Two forces appear to modulate the signature of cost selection on different genomes. The first is the general environment. Amino acid usage in thermophiles appears to differ from that of thermal mesophiles owing to different amino acid synthesis costs in the thermophilic environment. The second modulating force is the acquisition cost of the components of amino acids. Where the amino acid usage gradients for a given organism differed from that expected on the basis of amino acid synthesis costs, such differences can potentially be attributed to nutrient limitation increasing the real cost of amino acids containing the limited element.

Finally, we have seen that amino acid synthesis costs estimated from one organism, Escherichia coli, can explain amino acid usage in mesophile organisms in all three domains of life. This suggests that amino acid biosynthesis pathways are highly conserved, and although there are some exceptions—lysine is synthesized in the glutamate pathway in fungi as opposed to the aspartate pathway elsewhere (Zubay 1988)—this is in general doubtless true.

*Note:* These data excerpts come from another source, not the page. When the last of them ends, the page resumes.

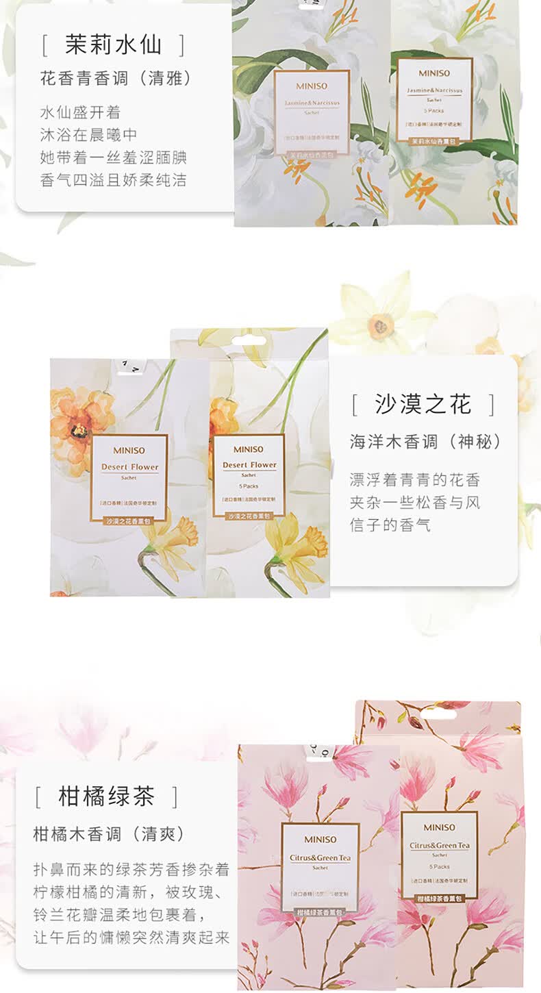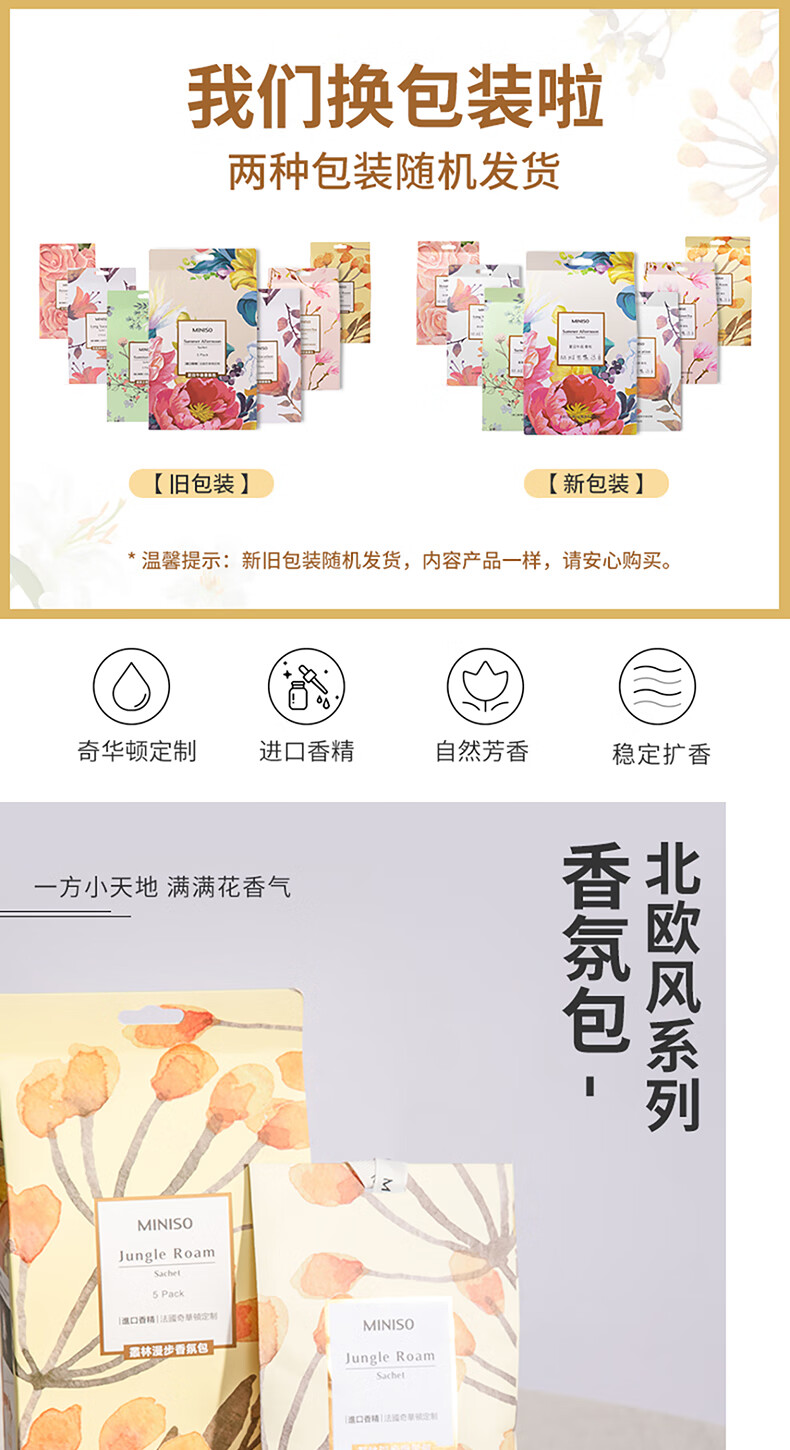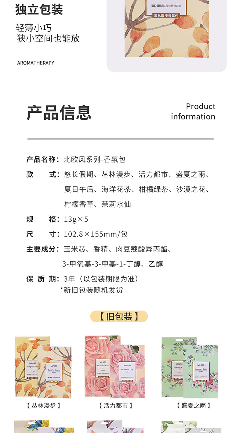 名创优品(MINISO)北欧风系列-香氛包除味衣橱持久生日礼物丛林漫步[五包一盒]
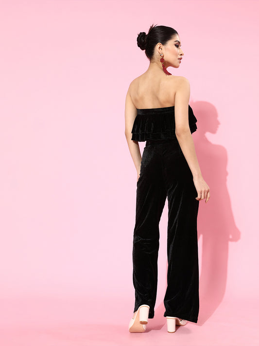 Chic Black Velvet Strapless Jumpsuit with Ruffled Detail – Fashion-Forward & Trendy
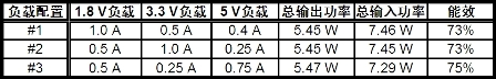 表2:不同輸出在各種負載配置下的能效。
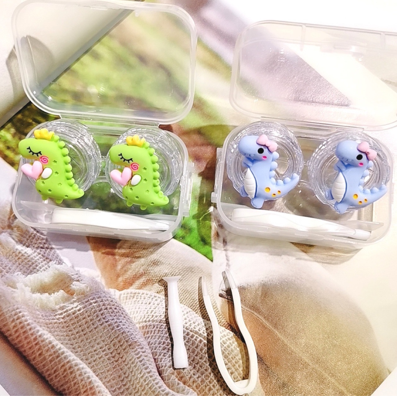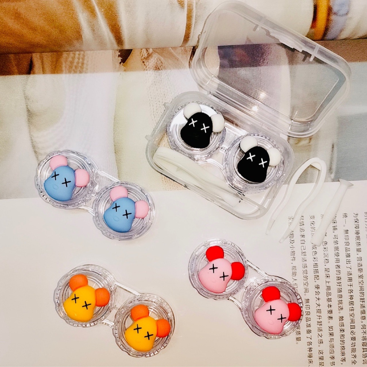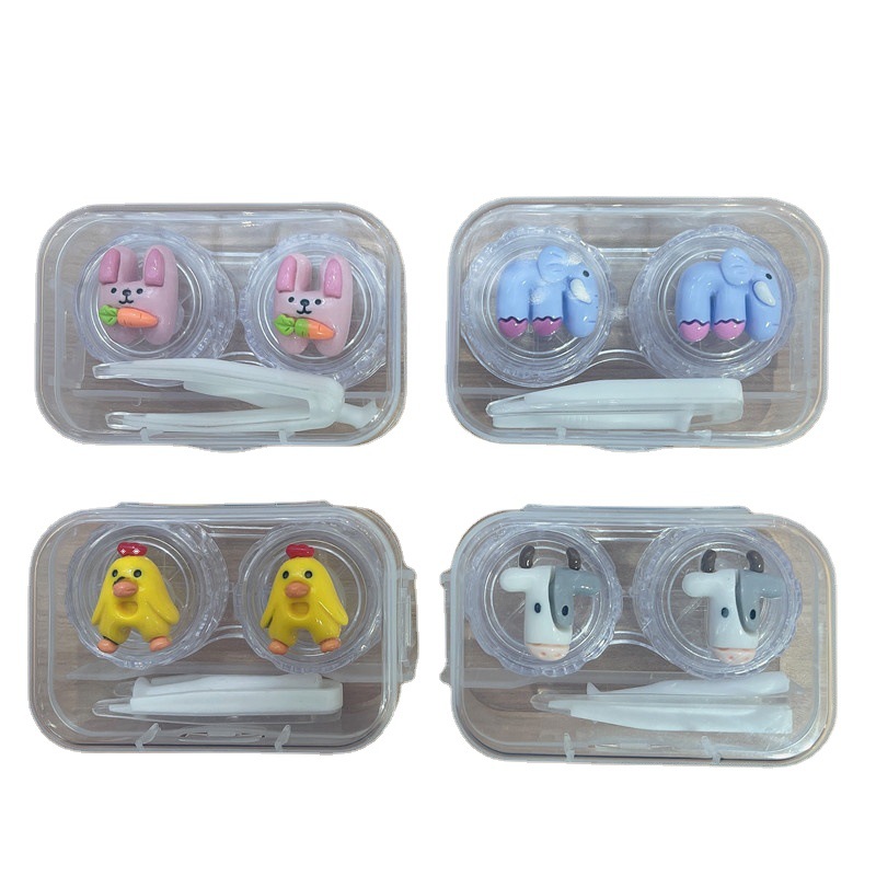 new cartoon one-pair package contact lens case portable mini cute girl heart personality partner double cosmetic contact lenses box
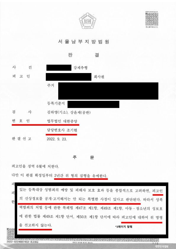 조기현변호사의 조력으로 동종전과가 있는 의뢰인은 징역 6월 집행유예 2년, 신생공개면제를 받았습니다.
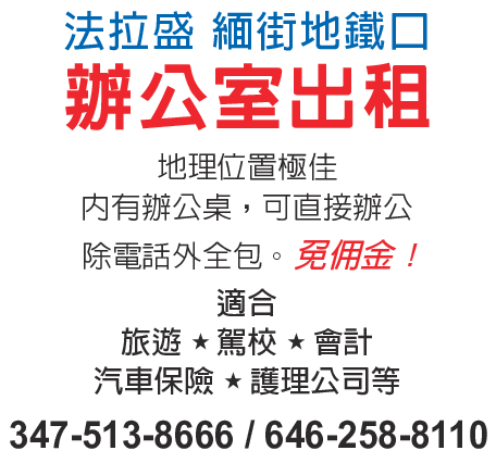 法拉盛面街地鐵口辦公室出租,地理位置級佳,內有辦公桌,可直接辦公,除電話外全包,適合:旅遊,駕校,會計,汽車保險,護理公司,免擁金!

However, even if amino acid synthesis pathways are conserved, a puzzle remains. To wit: not all the mesophiles in this paper synthesize all of their amino acids all of the time. Many are heterotrophs, which acquire several of their amino acids in food—mammals, indeed, can only synthesize about half of their amino acids. This observation raises the question as to why it is possible to observe selection on amino acid synthesis cost in these auxotrophic species: if amino acids are acquired, not synthesized, then a priori, it seems that the amino acid synthesis costs may be poor proxies for the true cost of amino acids to an organism.

There are two mutually compatible resolutions to this conundrum. The first reflects the dependency of heterotrophs upon autotrophs. When a heterotroph eats an autotroph, it obtains amino acids in proportion to their usage in the autotroph’s proteome; this usage will have been shaped by synthesis cost. If the heterotroph is not to have to eat unnecessary amounts of food, the amino acid usage of its proteome must not differ radically from that of the autotroph. Thus amino acid synthesis cost in autotrophs should flow through the food chain to influence amino acid cost for heterotrophs.

The second argument notes that when a heterotroph acquires an amino acid it may either incorporate it into a protein or degrade it to generate ATP and release metabolites for other cellular processes. ATP is generated by inserting the components of degraded amino acids at different points in the glycolytic pathway and citric acid cycle. The number and location of insertion points differs for the different amino acids, and the usable energy released correlates roughly with the different amino acid synthesis costs. Thus, even when an organism does not synthesize an amino acid, it incurs an energetic opportunity cost for incorporating that amino acid into a protein. This opportunity cost is the synthesis cost seen in a distorting mirror.